Jeff, I think the hydrogen hub and the IRA are really closely connected. There was a letter which was released by the State of New York, the State of Massachusetts, State of Connecticut, State of Maine, that to make this a nationwide hydrogen hub, the IRA regulations need to be -- for the PTC needs to be based in over a long period of time. I spoke to the New York Governor about that actually just yesterday. And it is -- I think we see more activity come the fourth quarter for some initial grants. But for this to become a nationwide network, it's not just the hubs, it's the hubs coupled with the IRA. And this is something that if you read the letter of the State of New York and the other states put in the treasury really makes clear that if they really limit it the IRA regulations, which I don't think will be the case, that the impact will be much more modest, because the $9 billion, quite honestly, is a good deal of money. But it's not really what's going to drive a hydrogen economy. It's kind of like, I look at $50 billion for chip facilities seem like a lot of money, but you really need large support from other elements to make that successful. The same thing holds true for hydrogen. We expect some announcements in the fourth quarter, but it will be a little bit of dollars and more and more will start flowing out.

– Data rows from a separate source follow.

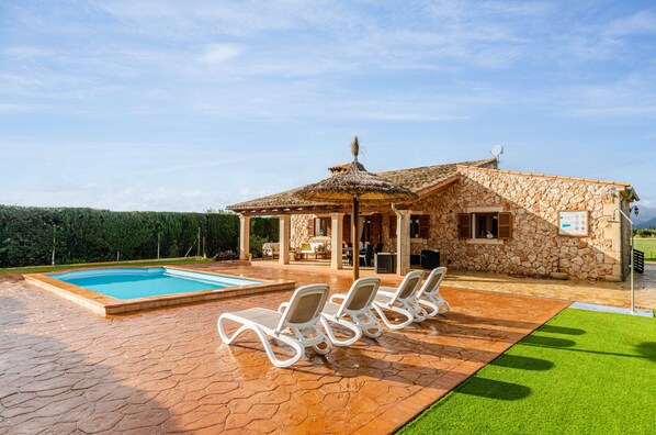 The villa in Sencelles has 2 bedrooms and has capacity for 4 people. The villa is cozy, is fully-equiped, and is 969 ft². It hasgarden and swimming poolviews. The property is located 0 ft from the rock beach, 2.8 mi from Inca city, 2.8 mi from Aldi Inca supermarket, 16.16 mi from Can Picafort sand beach, 16.47 mi from Pollença Golf Club golf course, 20.51 mi from Son Sant Joan airport. The house is situated in a family-friendly neighborhood in a beautiful rural area.The accommodation is equipped with the following items: garden, outdoor furniture, fenced plot, 1,076 ft² terrace, washing machine, barbecue, iron, internet (Wi-Fi), heat pump, air conditioning throughout the house, private swimming pool, open-air parking in the same building, 1 TV, satellite tv (Languages: Spanish, English, German).In the induction independent kitchen, refrigerator, microwave, oven, freezer, dishwasher, dishes/cutlery, kitchen utensils, coffee machine, kettle and juicer are provided.
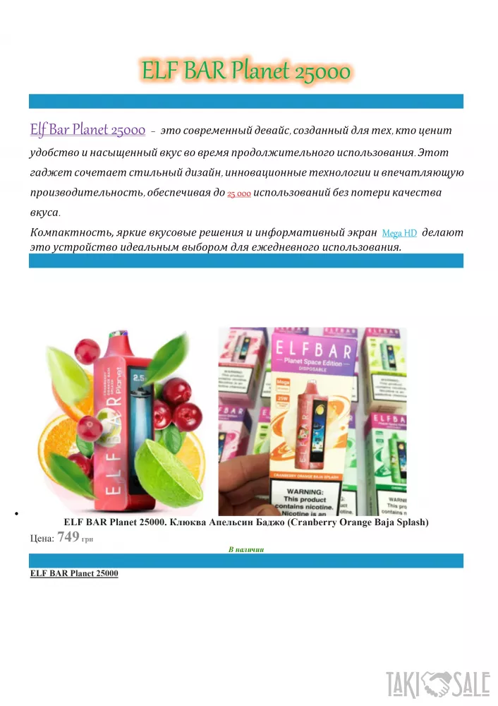 Elf Bar Planet 25000 это современный девайс, созданный для тех, кто ценит удобство и насыщенный вкус во время продолжительного использования. Этот гаджет сочетает стильный дизайн, инновационные технологии и впечатляющую производительность, обеспечивая до 25 000 использований без потери качества вкуса.
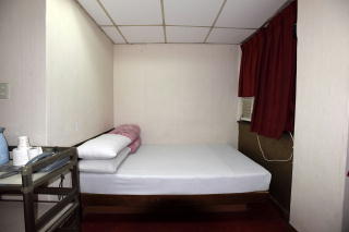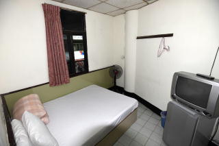 1階がフロントで、 おばちゃんが2人いた。 日本語はほとんど通じないが、 「ろくひゃくぅ」(宿泊料600圓のこと。) とは言っていた。 |
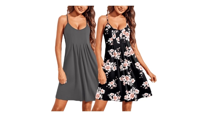 Ekouaer 2 Pack Nightgowns for Women Sleeveless Sleepwear Racerback Tank Sleepshirt Pleated Chemise Nighty Floral M +
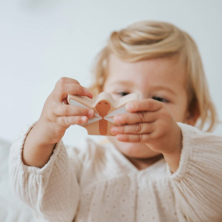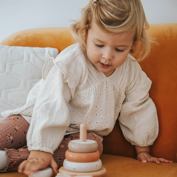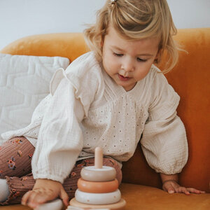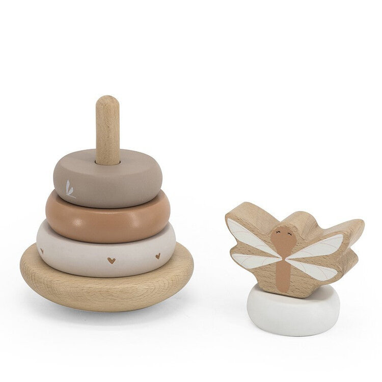 De houten ringen en topblok zijn makkelijk vast te nemen voor de kleine handjes. Stapelen van groot naar klein of van klein naar groot of sorteer de kleuren... uw kindje kan zelf beslissen wat die leuk vindt en ondertussen oefent hij/zij de hand-oog coördinatie en redeneringsvorm.
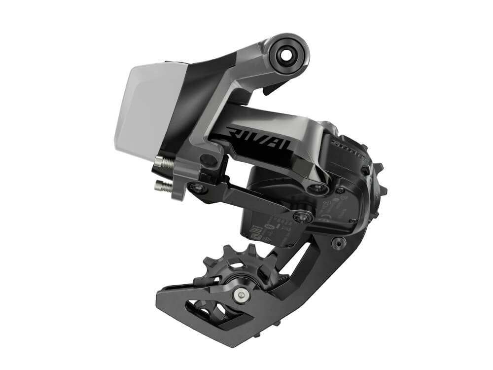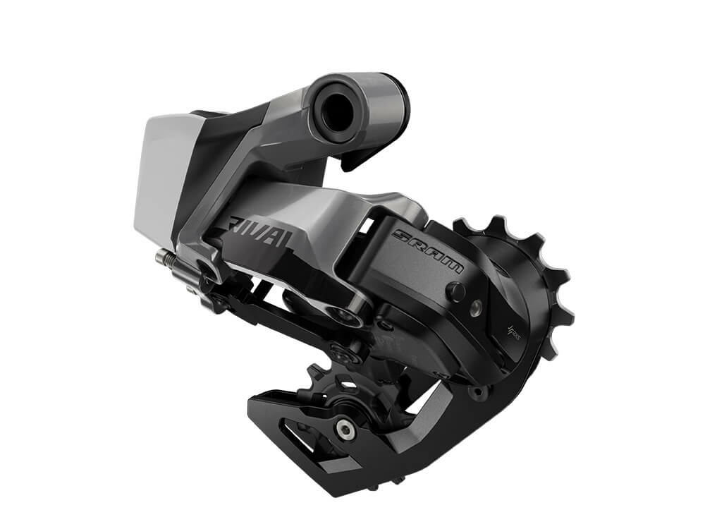 Ο οπίσθιος εκτροχιαστής eTap AXS με βελτιωμένο μοτέρ και μετάδοση δεδομένων, εξασφαλίζει ακόμη πιο γρήγορες αλλαγές. Η απόσβεση κραδασμών Orbit-Fluid εξαρτάται από την ταχύτητα και εξασφαλίζει ασφαλή καθοδήγηση της αλυσίδας, ακόμη και σε χρήση εκτός δρόμου. Τα μεγαλύτερα ροδάκια κάνουν την κίνηση ακόμα πιο αποτελεσματική σε σύγκριση με την προηγούμενη έκδοση. Ένας πομπός ANT + ενσωματωμένος στο πίσω ντεραγιέ επιτρέπει την επικοινωνία μεταξύ του υπολογιστή του ποδηλάτου σας και του πίσω εκτροχιαστή. Μπορείτε να έχετε πληροφορίες σχετικά με την κατάσταση φόρτισης της μπαταρίας και την τρέχουσα ταχύτητα. Ο πίσω εκτροχιαστής short cage είναι συμβατός με κασέτες 10-28 έως 10-36 δόντια. Είναι συμβατό με ολες τις υπάρχουσες μπαταρίες eTap, σε 1Χ και 2Χ χρήσεις και μόνο με χειριστήρια αλλαγής ταχυτήτων SRAM eTap AXS

Our next question comes from Ameet Thakker with BMO Capital.
Just real quick, just thinking about kind of the cadence of kind of cash needs for the balance of the year. It looks like between kind of cash flow from operations and your CapEx today, you've kind of -- you're kind of burned about $1 billion in cash. And I know you guys mentioned maybe $1 billion from the DOE program. Would that be funded all at once and then kind of cover your -- kind of your Georgia, New York and Texas plants, is that how we should think about it?
I'm going to turn the questions over to Paul here. Paul?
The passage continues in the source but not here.